Kaufmann's photos progressed from a canyon to piles of drugs to Mexican migrants, as he attempted to dramatize the horrors immigrants from Mexico had brought to Barnett's ranch, and by extension, to America. He then read quotes from my Salon.com article, attempting to paint me as an out-of-touch liberal. However, he attributed a quote to me that was actually by former Rep. Tom Tancredo, one of the most anti-immigrant politicians in American history. I recognized that the quote was not mine and demanded that Kaufmann show it to me. He initially refused, but Roll forced him to produce the quote. It turned out I was right.

When Kaufmann was exposed before the jury for misquoting me, his credibility was tainted for the remainder of the trial. I went on to describe for the jury how Barnett had boasted to me about taking migrants hostage, and how he told me that two members of a group run by former KKK leader David Duke had volunteered to help him on his ranch (he refused only because he didn't want to risk bad publicity).

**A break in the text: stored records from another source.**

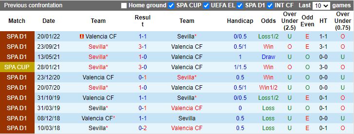 Trong thập niên 2000, Sevilla đụng độ Valencia tổng cộng 49 lần trên tất cả các đấu trường, kết quả, đại diện xứ Andalucia có phần áp đảo với 23 chiến thắng, 19 lần thất bại bên cạnh 8 kết quả hòa. Điểm nhấn mà giới túc cầu yên tâm đặt niềm tin vào Sevilla đó là lợi thế sân bãi khi liên tiếp 4 trận tiếp đón Bầy dơi tại thánh địa Sanchez Pijzuan gần nhất, Sevilla đều ca khúc khải hoàn.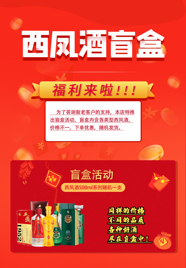 天猫旺聚千酒类专营店38.8元,可领5元优惠券,实付33.8元到手,含西凤及其旗下品牌的浓香型白酒,盲盒体验,随机发货,部分可能有染标、损标的情况,适合自饮。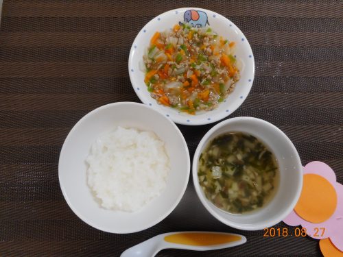 2018.08.27|給食ピックアップ 8月27日(月)のお給食 <幼児食> *ごはん *みそ汁 *しょうが焼き *炒めビーフン <離乳食・後期> *おかゆ *みそ汁 *そぼろ煮 *ミルク100cc 前へ 次へ

When I was done, Roll politely excused me from the court.

As the trial proceeded, the threats against Roll poured in. Meanwhile, Barnett was portrayed as a victim hero by Lou Dobbs and Glenn Beck, who hosted him for a friendly interview."I don't know what country I'm living in anymore," Beck said to Barnett. "You have a right to protect your property."

In the end, the jury delivered justice to the migrants Barnett attacked, ordering Barnett to pay them $73 thousand in damages. From what I could tell, Roll handled his courtroom and a challenging trial with professionalism and courage.

Roll spent a substantial part of his judicial career in a climate of violence and political extremism, and would die in it too. He was not the only person killed in Arizona's hyper- charged, hate-filled environment, and unfortunately, he probably won't be the last.